I looked at myself. Thirteen months had passed since we moved in. I ran my hands down the sides of my face, feeling the sharp dip under each cheekbone. “You’re growing up, my love,” Mom had said a while back. “Your puppy fat has disappeared.” My mousy hair was thin, my collar bones jutted forward from the flat of my chest and the bumps of my preteen breasts sat apologetically as my shoulders rolled forward to keep them close to me. I watched myself swallow every pill. Three, four at a time, cupping water in my hand from the faucet to ease the slide down my throat.
I stepped into the bath and lay back. My eyes traveled the swirl of the plaster pattern on the ceiling until I was in the field. I saw Katherine ahead of me and I called out, “Katherine, I’m here!” She turned and put her hand above her eyes to shield her line of vision from the bright light.
“Clare!” She ran to me and we joined hands, swinging each other round and round until we toppled over, dizzy and laughing.
You wouldn’t know how Mom is. She moved soon after the funeral, joined a weekly bereavement group. There, she met Hal, whose wife had passed away from skin cancer that spread to her brain. He’s a few years older than her, and while not classically handsome, he has a kind face, a gentleness.
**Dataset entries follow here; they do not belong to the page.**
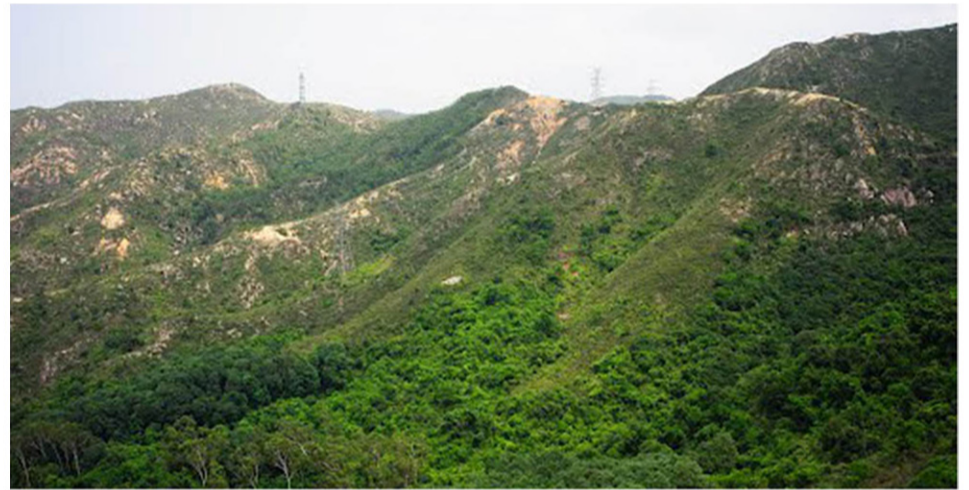
LCA4 - Upland and Hillside Landscape
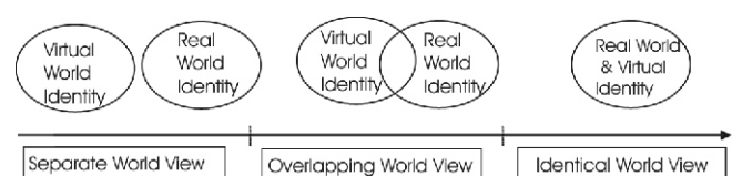
Figure 1. The continuum of worldviews on real world and virtual identities.

Virtual and real world identities are mutually constitutive in MMOG play. As Oblinger (2006) states, gamers must immediately recall prior learning from outside venues - life and school - when participating in an online virtual world. That is to say, gamers draw from their real world identities to adapt to and to succeed in a video game. However, there is a limitation of the transfer of an individual's real world identity to the virtual identity. As Stryker (1980) indicated, the human sense of identity is linked to roles, groups, and society. It is a product and process, as the identity is shaped by the larger society (p. 163). The transfer of virtual and real identities depends on the social identities in the opposing worlds. Returning to the study by
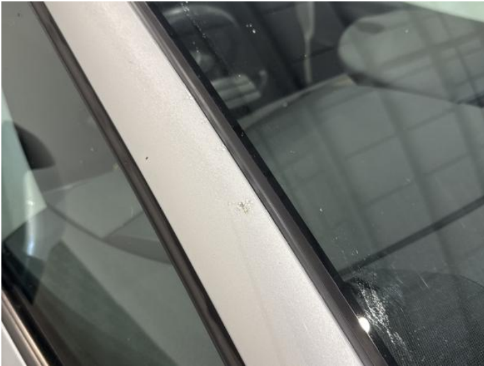
15: A Post os Rusted Over 5mm

Mom loves like she grieves, a quiet glide rather than a disruptive splash, and Hal is patient and steady.
A tax return accountant for a few local businesses, Hal arranged an interview for Mom at Edgar’s Ladies’ Fashions, and Edgar hired her on the spot. Mom moved into Hal’s duplex and while he tends to his vegetable garden, Mom has taken an interest in cooking. They stopped going to the bereavement group, and replaced it with volunteering at a youth program, helping disadvantaged children with arts and crafts each week. Every night, Mom traces her fingers over a framed photograph of me. She is silent for a moment, and at those times, I whisper that I love her, and she often touches her heart.
And now I see you smoking in your armchair, the tan fabric on the arms frayed, the light white-blue from a cheap bulb overhead illuminating the rings that hover above you like a sarcastic halo. Your hands are shaking, and you haven’t touched the meatloaf TV dinner you microwaved forty minutes ago. You are ashen. And just when you relax and allow yourself to think you were mistaken, I will appear to you again.